What the task requires:
Without the pictures, retype each line below exactly as it stands.

Data block:

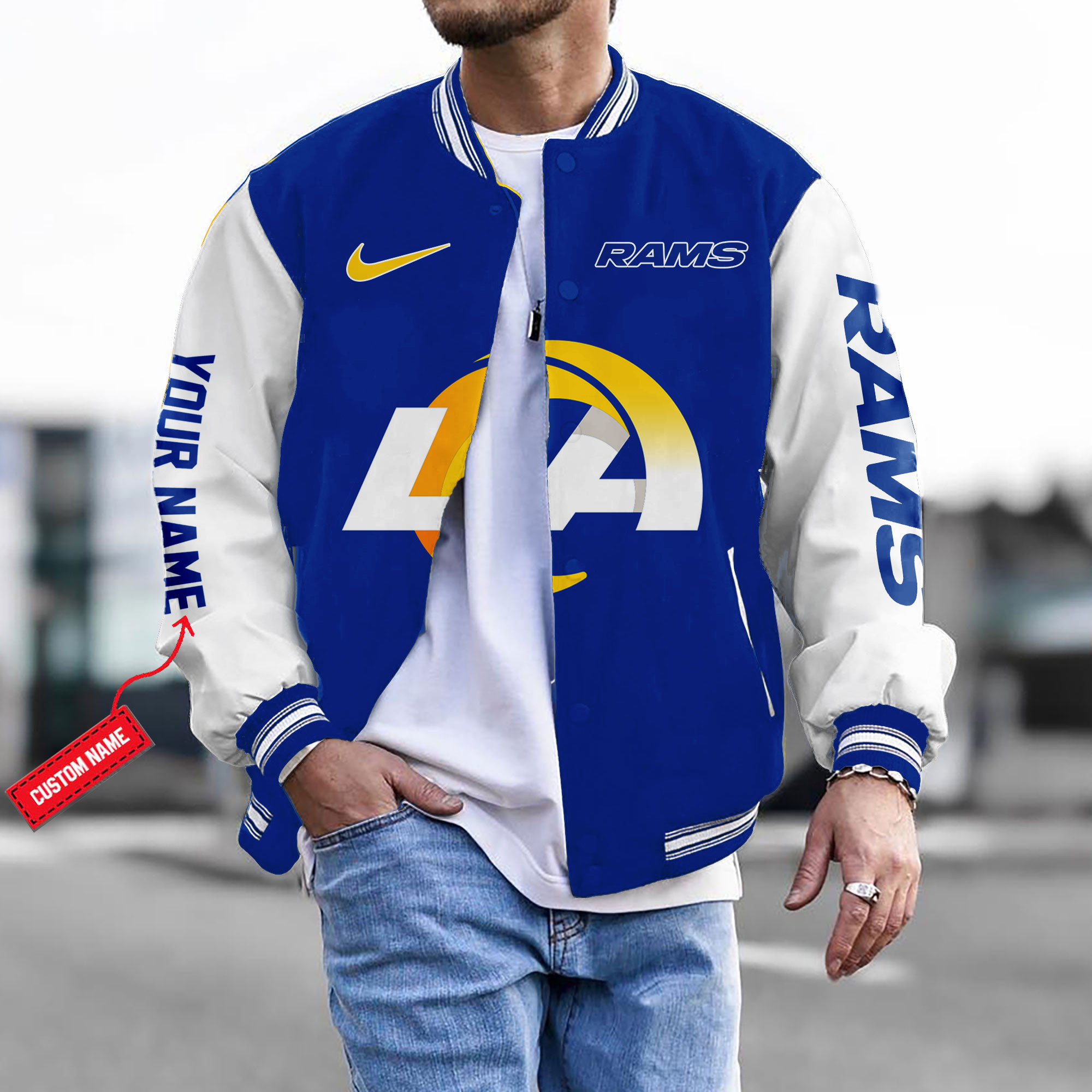 Customize Your Name With Los Angeles Rams Button Down Baseball Varsity Bomber Jacket ver 2
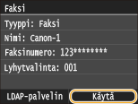 Valitun käyttäjän LDAP-palvelimeen tallennettu käyttäjänimi, faksinumero tai sähköpostiosoite syötetään vastaanottajakenttään.
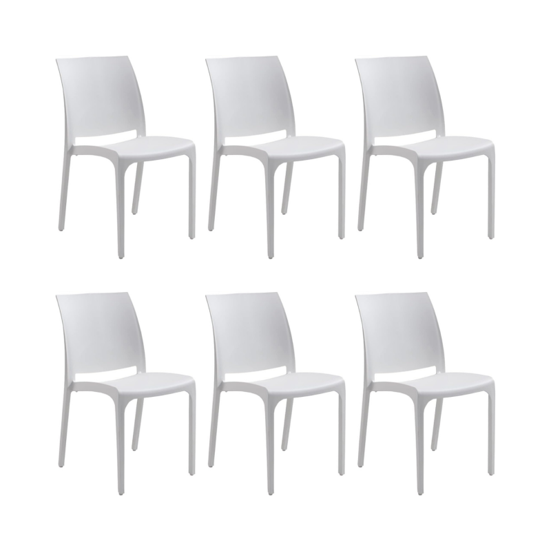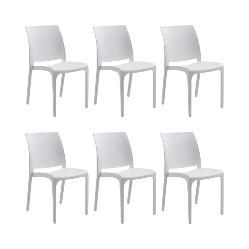 GLOUPIE Set 6 Sedie Volga In Polipropilene Bianco,54x46x81Cm,Peso 3,5Kg,Per Interno/Esterno,Made In Italy,Sedie Impilabili

Response box:
 Customize Your Name With Los Angeles Rams Button Down Baseball Varsity Bomber Jacket ver 2
 Valitun käyttäjän LDAP-palvelimeen tallennettu käyttäjänimi, faksinumero tai sähköpostiosoite syötetään vastaanottajakenttään.
 GLOUPIE Set 6 Sedie Volga In Polipropilene Bianco,54x46x81Cm,Peso 3,5Kg,Per Interno/Esterno,Made In Italy,Sedie Impilabili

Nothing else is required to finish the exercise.